■ WORK TO COMPLETE:
Set down exactly, from the records below, the line with "約6帖の寝室1。南向きの窓か" through the line with "- تخزين إضافي", and nothing else.

■ RECORD SET:
>>>
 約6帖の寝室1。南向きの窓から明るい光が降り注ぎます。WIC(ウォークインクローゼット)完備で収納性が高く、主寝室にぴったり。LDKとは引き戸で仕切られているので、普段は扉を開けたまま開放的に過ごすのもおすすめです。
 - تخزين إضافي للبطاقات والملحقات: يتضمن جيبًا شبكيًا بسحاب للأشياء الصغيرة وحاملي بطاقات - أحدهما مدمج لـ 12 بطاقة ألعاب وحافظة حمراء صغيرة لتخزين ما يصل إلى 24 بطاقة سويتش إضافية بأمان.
<<<
>>>
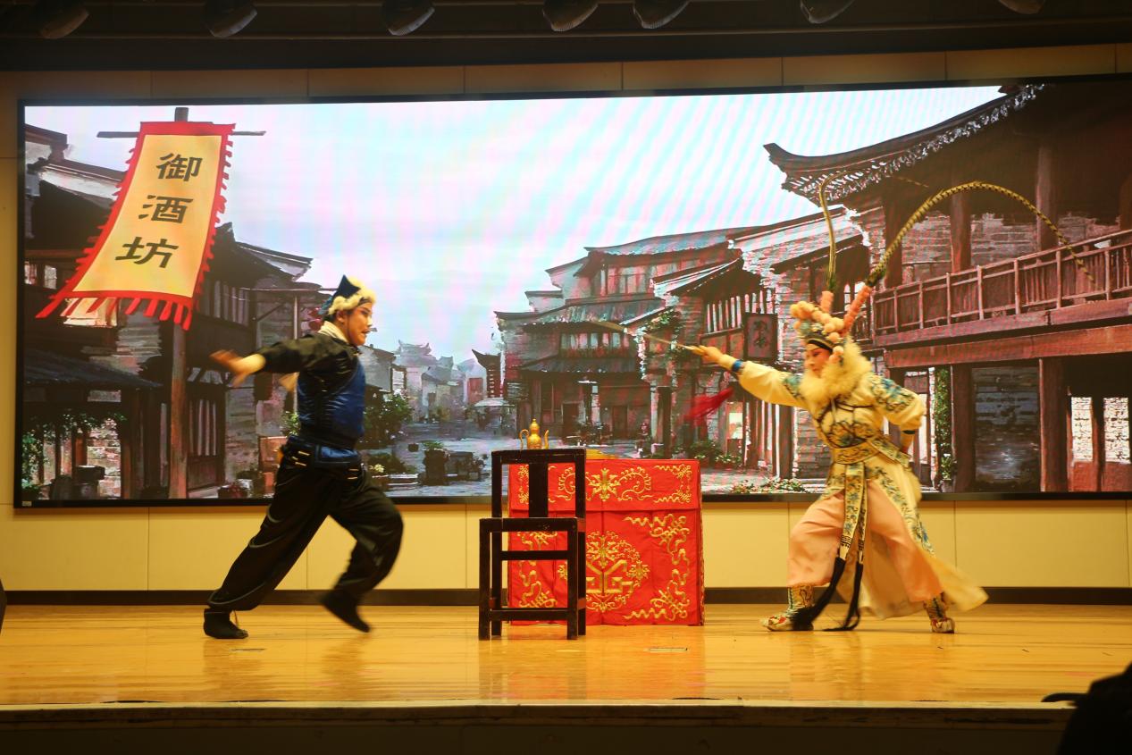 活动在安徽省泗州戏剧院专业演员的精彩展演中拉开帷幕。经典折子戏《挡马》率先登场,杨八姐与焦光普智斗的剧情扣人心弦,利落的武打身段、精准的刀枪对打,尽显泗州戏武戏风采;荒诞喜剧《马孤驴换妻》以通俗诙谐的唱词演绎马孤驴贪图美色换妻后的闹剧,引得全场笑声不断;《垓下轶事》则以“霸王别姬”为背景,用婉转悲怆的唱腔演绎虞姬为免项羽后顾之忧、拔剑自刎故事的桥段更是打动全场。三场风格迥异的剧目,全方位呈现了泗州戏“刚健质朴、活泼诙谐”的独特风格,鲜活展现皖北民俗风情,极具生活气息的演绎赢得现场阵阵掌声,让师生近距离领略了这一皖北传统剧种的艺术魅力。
<<<
■ RESPONSE:
 約6帖の寝室1。南向きの窓から明るい光が降り注ぎます。WIC(ウォークインクローゼット)完備で収納性が高く、主寝室にぴったり。LDKとは引き戸で仕切られているので、普段は扉を開けたまま開放的に過ごすのもおすすめです。
 - تخزين إضافي للبطاقات والملحقات: يتضمن جيبًا شبكيًا بسحاب للأشياء الصغيرة وحاملي بطاقات - أحدهما مدمج لـ 12 بطاقة ألعاب وحافظة حمراء صغيرة لتخزين ما يصل إلى 24 بطاقة سويتش إضافية بأمان.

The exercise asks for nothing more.